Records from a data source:
══════════
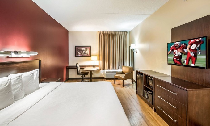 Red Roof Inn PLUS+ Austin South offers 137 accommodations with complimentary toiletries and blackout drapes/curtains. 40-inch flat-screen televisions come with premium cable channels.
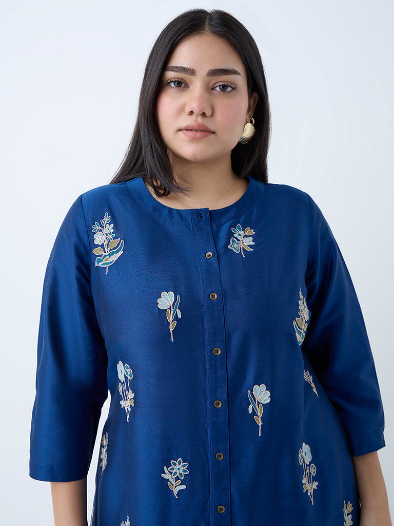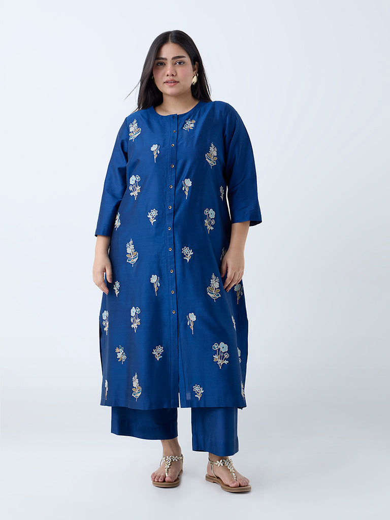 Diza Blue Floral Embroidered A-Line Kurta
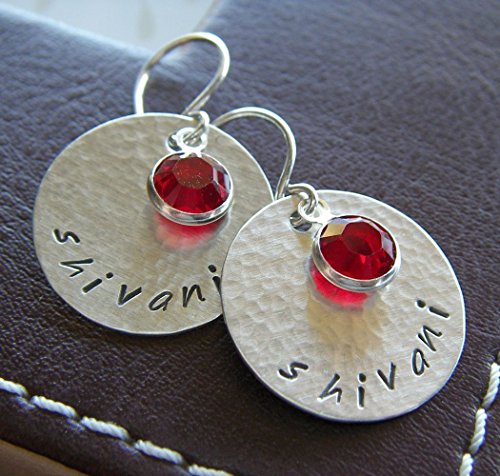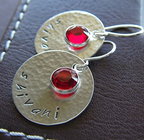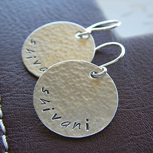-. Title : 0.75" Round Textured Dangle Earrings Custom Hand Stamped Sterling Silver Personalized Jewelry
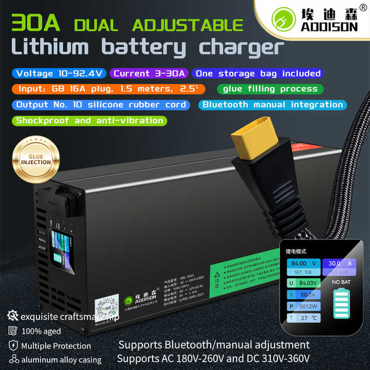 High Power 3000w Lithium Charger with Variable Volt and Amp 10V-92.4V 2A-30A Electric Scooter Motorcycle Bike Battery Charger
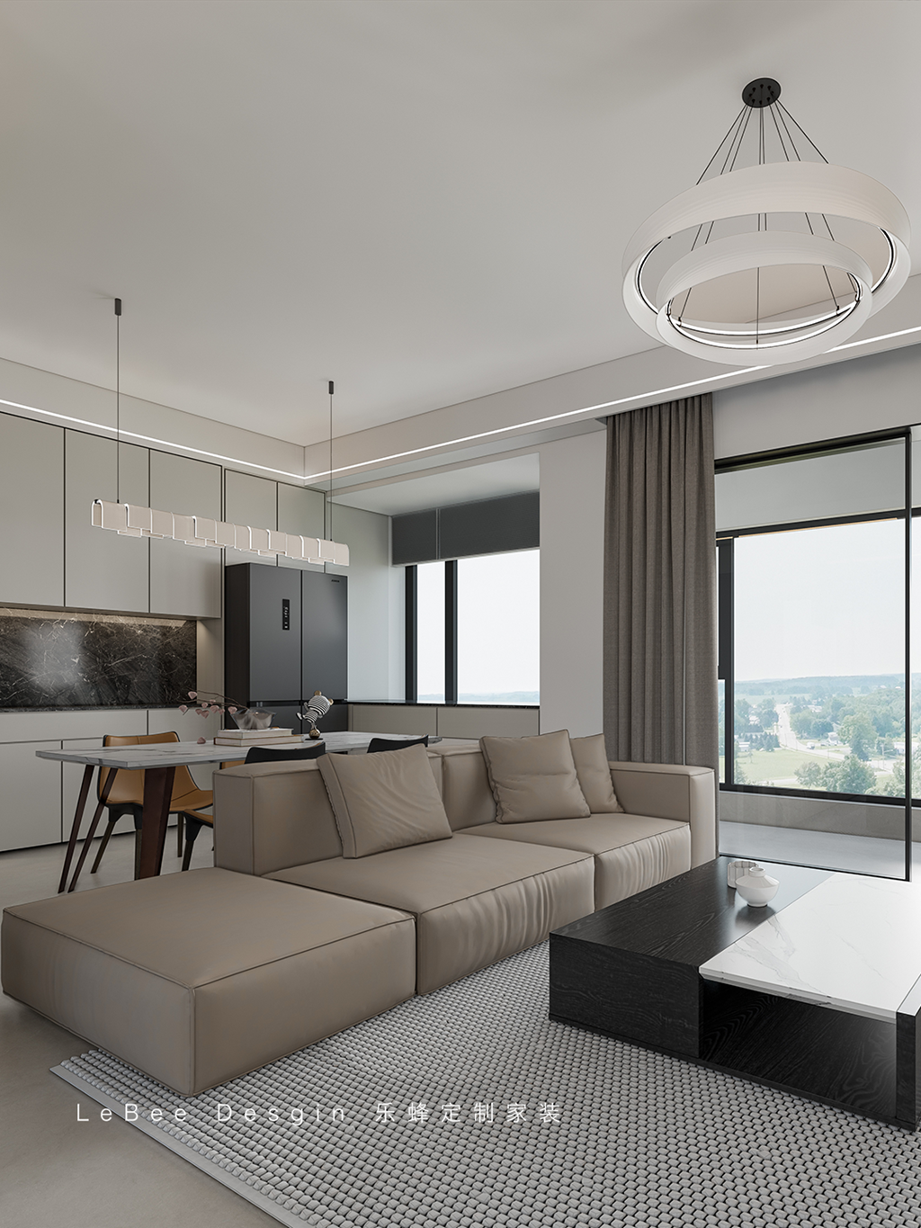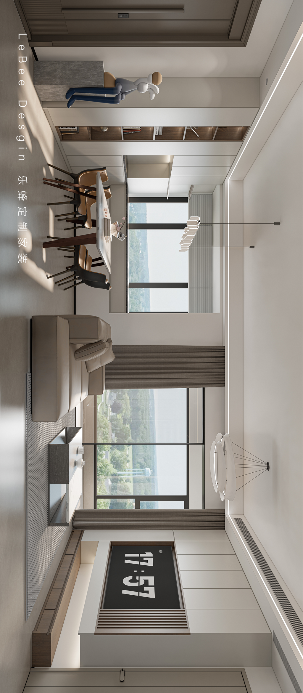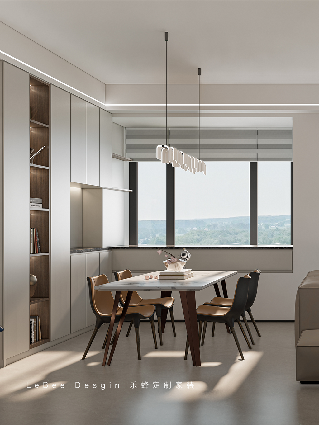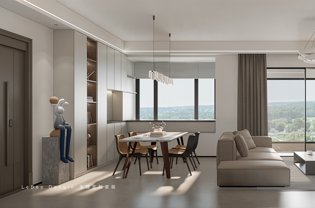 客餐廳及橫廳設(shè)計,以光為畫布,以自然為伙伴,將光線與風(fēng)景引入室內(nèi)。落地窗的設(shè)計不僅增強了采光,也極大地拓展了觀景視野,為您帶來戶外的美妙景致。多功能空間的構(gòu)思旨在提升生活的便捷性,同時也為家庭成員提供了互動交流的理想場所。室內(nèi)整體硬裝以簡約為基調(diào),避免了復(fù)雜的造型與裝飾,簡明的線條讓整個空間更顯廣闊而明亮。留白的設(shè)計哲學(xué)呼應(yīng)了極簡主義,營造出一種純粹而寧靜的環(huán)境,為您的生活帶來寧靜與舒適。電視墻的設(shè)計以現(xiàn)代簡約為出發(fā)點,融入溫馨的米色木飾面,為客廳注入了一縷溫暖氛圍。收納柜的設(shè)計巧妙內(nèi)嵌了電視機,整齊劃一,讓視覺焦點自然而然地聚焦于影音娛樂之上,同時也提供了額外的儲物空間。
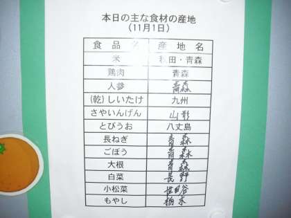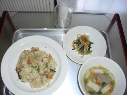 今日の献立は、とりめし、とびうおのつみれ汁、野菜のごまだれかけです。
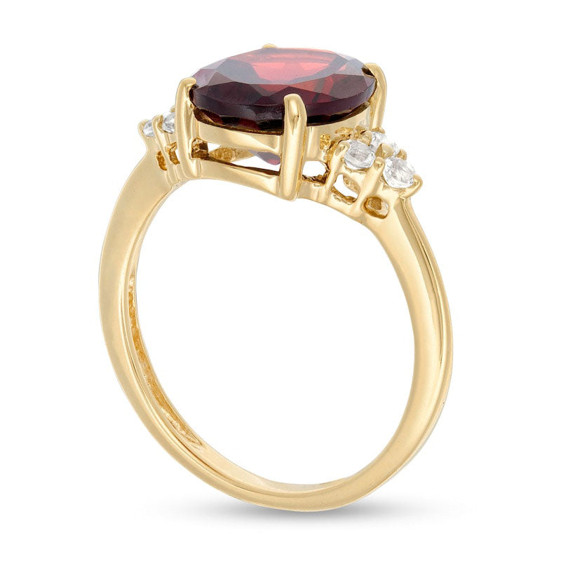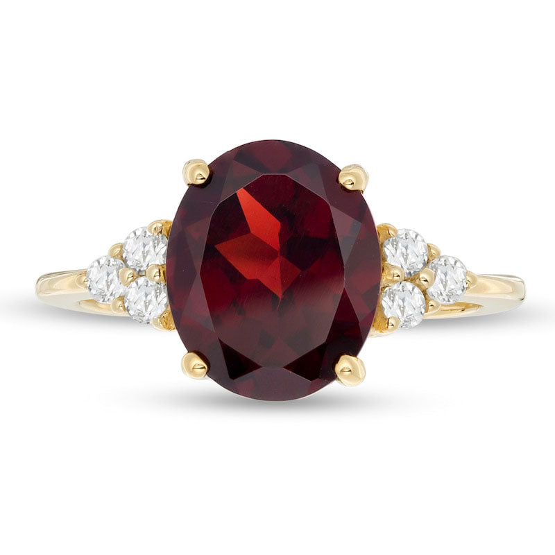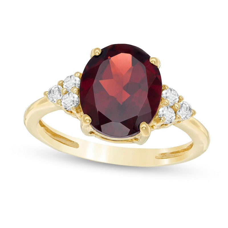 Enhance your loved one's jewelry collection with this stunning gemstone ring. Carefully crafted in radiant 10K gold, this magnificent piece showcases a regal oval-shaped garnet measuring 11.0 x 9.0mm, surrounded by trios of sparkling white topaz. Its exquisite design makes it a perfect choice for any occasion. With its polished finish, this ring glistens beautifully to add extra elegance to any outfit. Give the gift of luxury with this captivating ring that is sure to steal her heart.
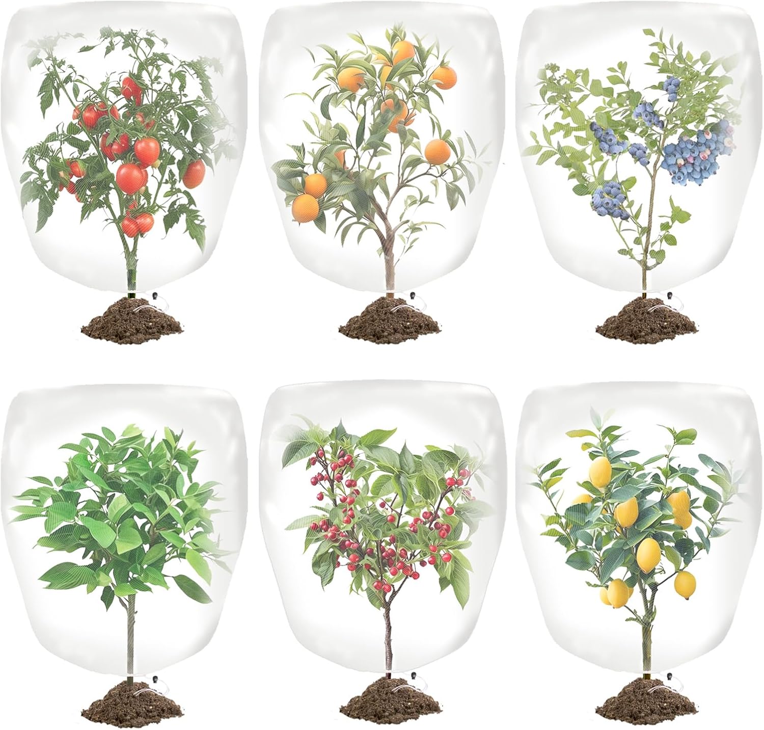 Garden Plant Covers Bags with Drawstring, 6 Pack, 3.3x2.6Ft Mesh Plant Covers, Insect Bird Barrier Mesh, for Trees & Shrubs &Garden Plant Protection
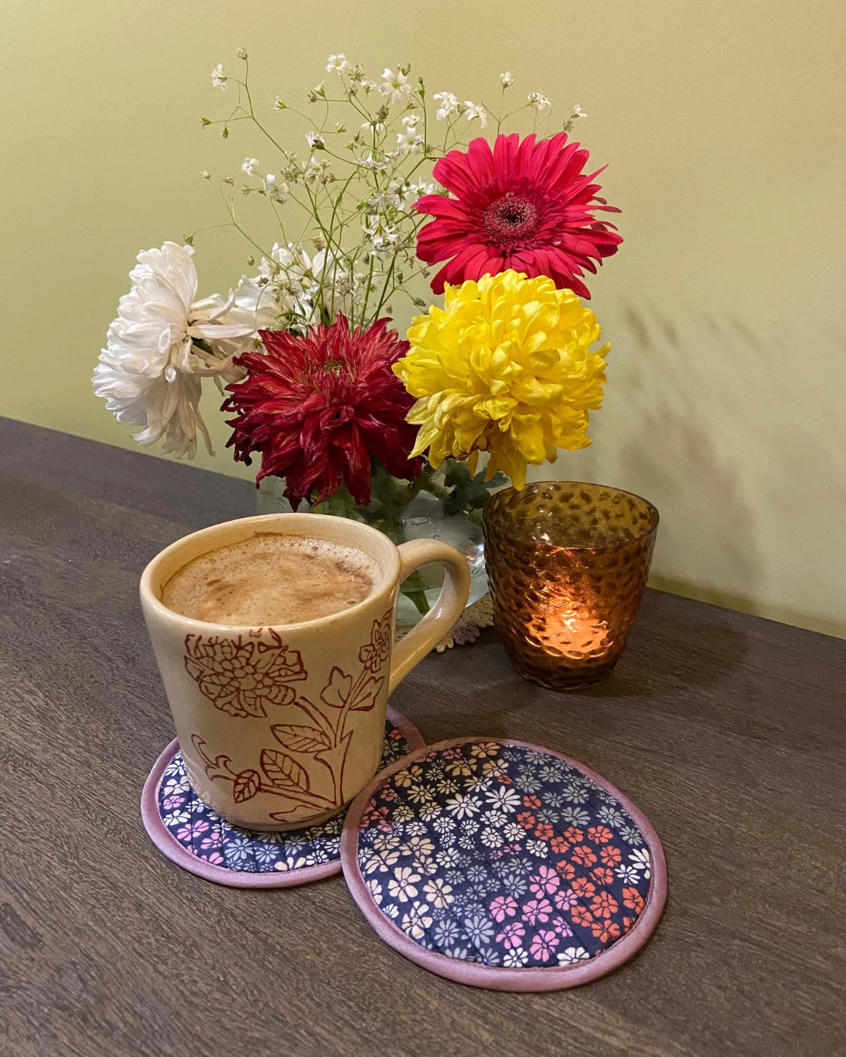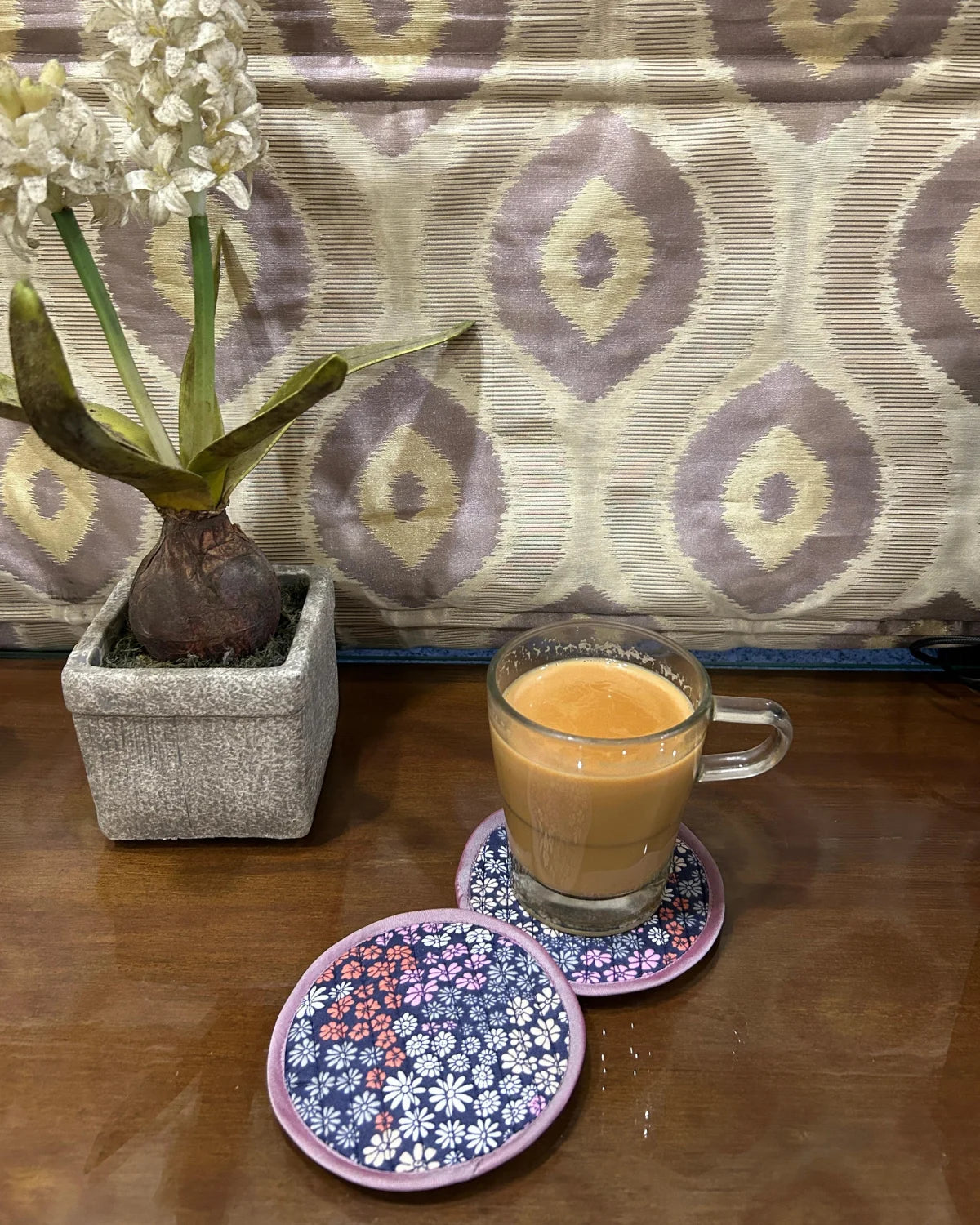 Protect your furniture with this colorful coaster set. They add a fun vibe to your party while also safeguarding your furniture from condensation created by cold drinks.
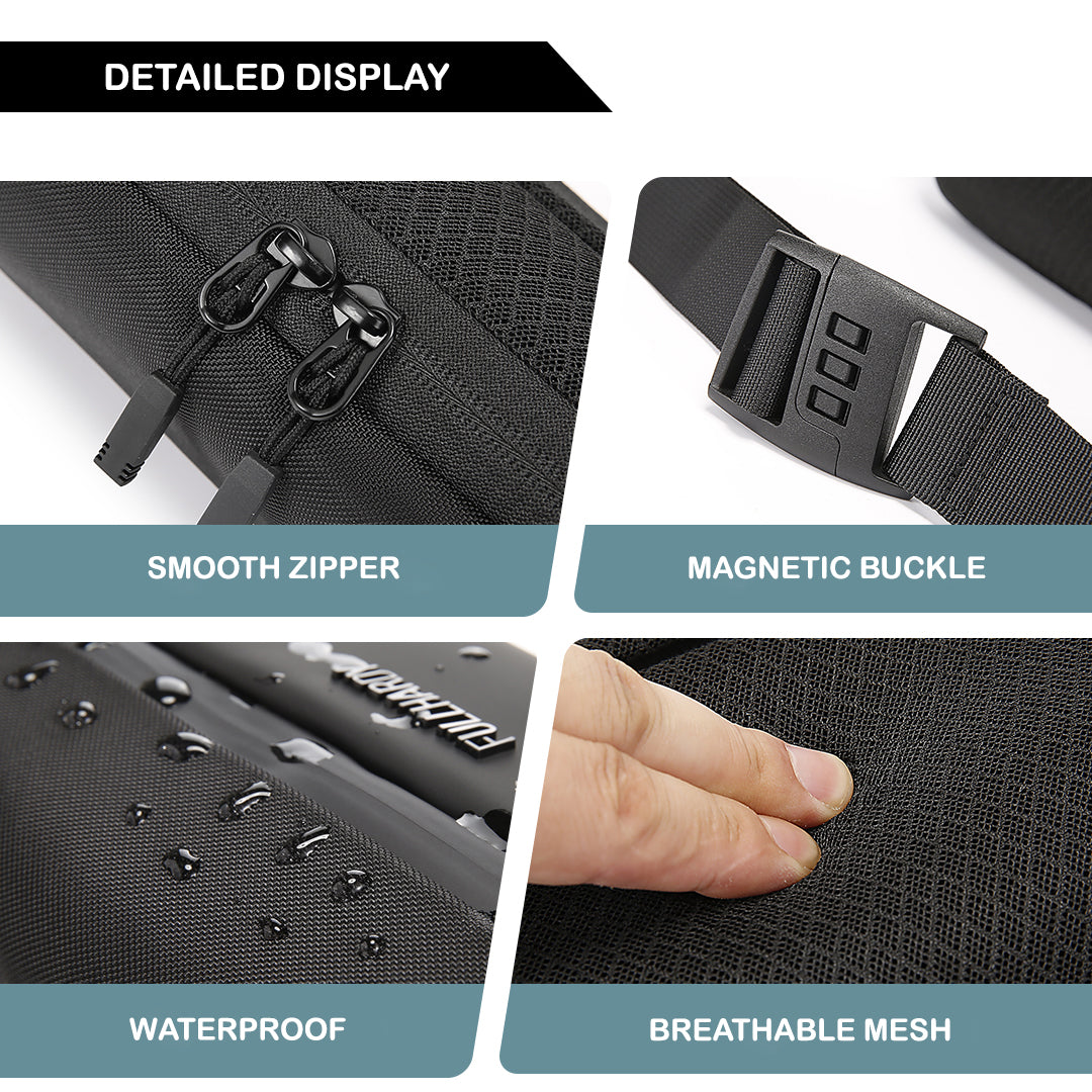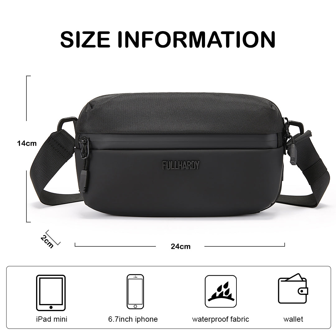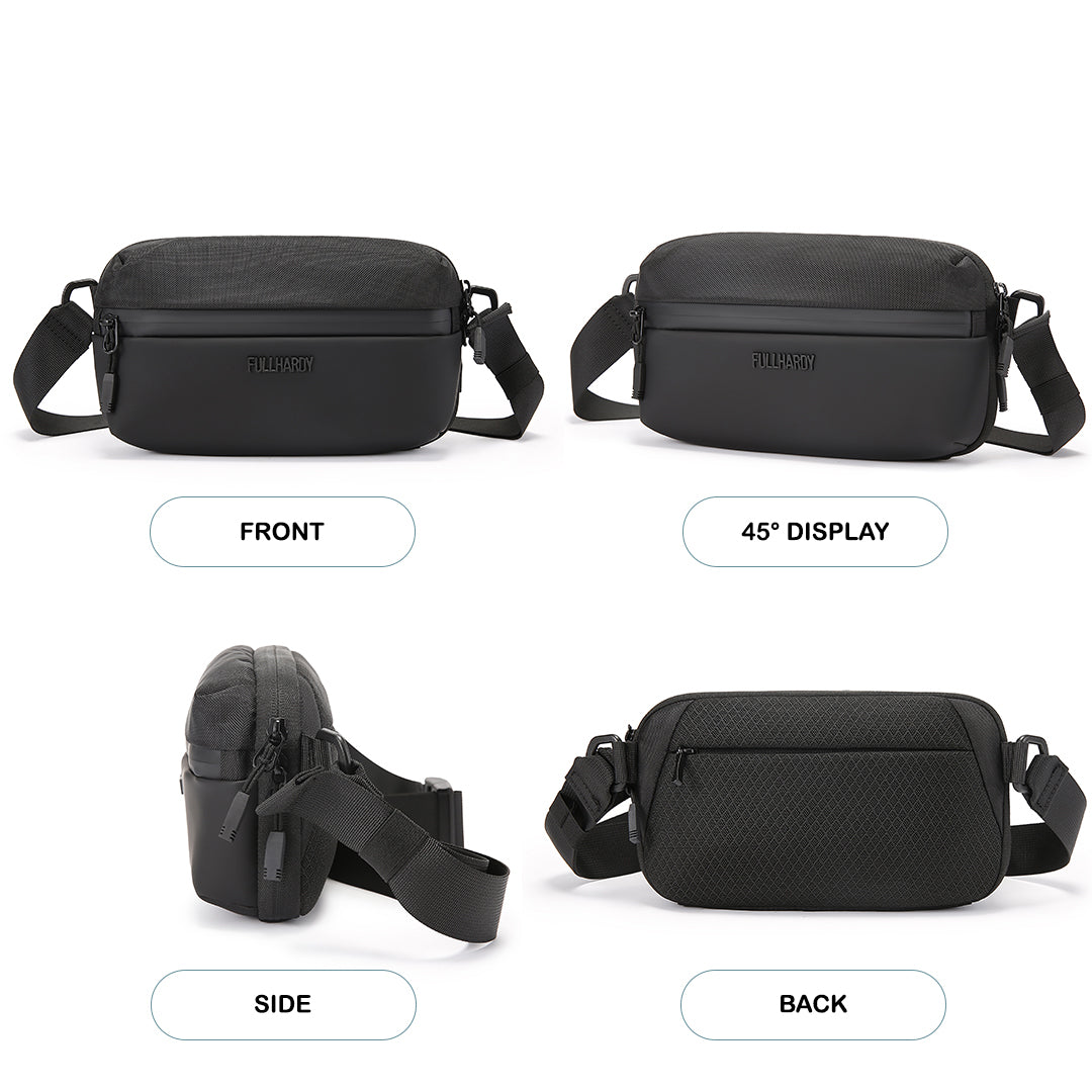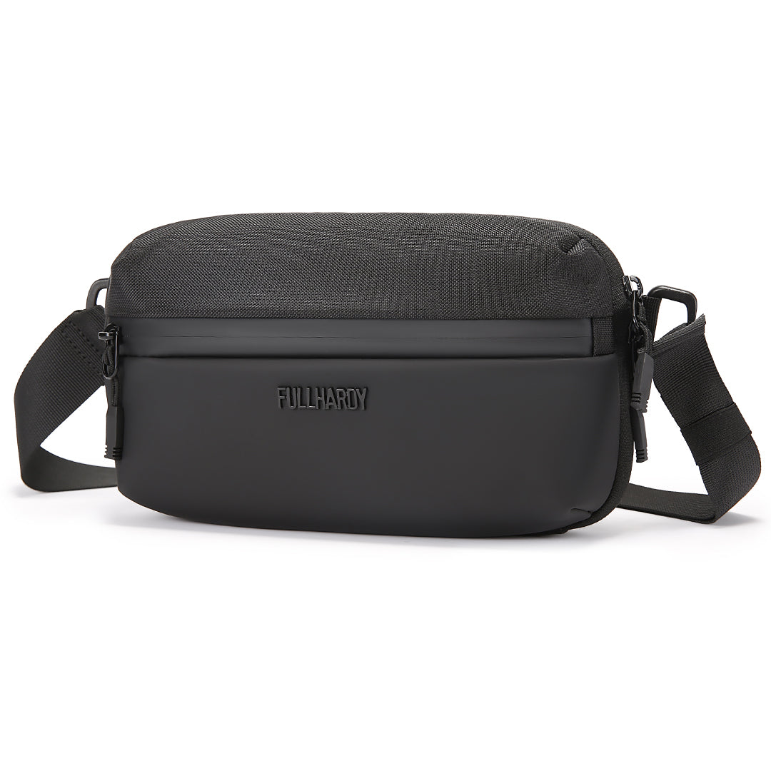 Berwarna hitam elegan dengan bentuk yang futuristik, terlihat kokoh dan stylish. menggunakan bahan tahan air atau water-resistant, cocok untuk aktivitas luar ruangan. Memiliki kompartemen utama yang cukup untuk membawa barang sehari-hari dan 1 kantong di bagian depan untuk akses mudah mengambil atau menyimpan barang. Secara keseluruhan, tas ini memancarkan kesan simpel, fungsional, dan berkelas cocok buat yang suka tampil keren tanpa usaha berlebihan.
══════════
Using the data above, set down each line from the line with "Silver Personalized Jewelry" to the line with "High Power 3000w" exactly, both ends included, and leave the pictures behind. Nothing else belongs.

-. Title : 0.75" Round Textured Dangle Earrings Custom Hand Stamped Sterling Silver Personalized Jewelry
 High Power 3000w Lithium Charger with Variable Volt and Amp 10V-92.4V 2A-30A Electric Scooter Motorcycle Bike Battery Charger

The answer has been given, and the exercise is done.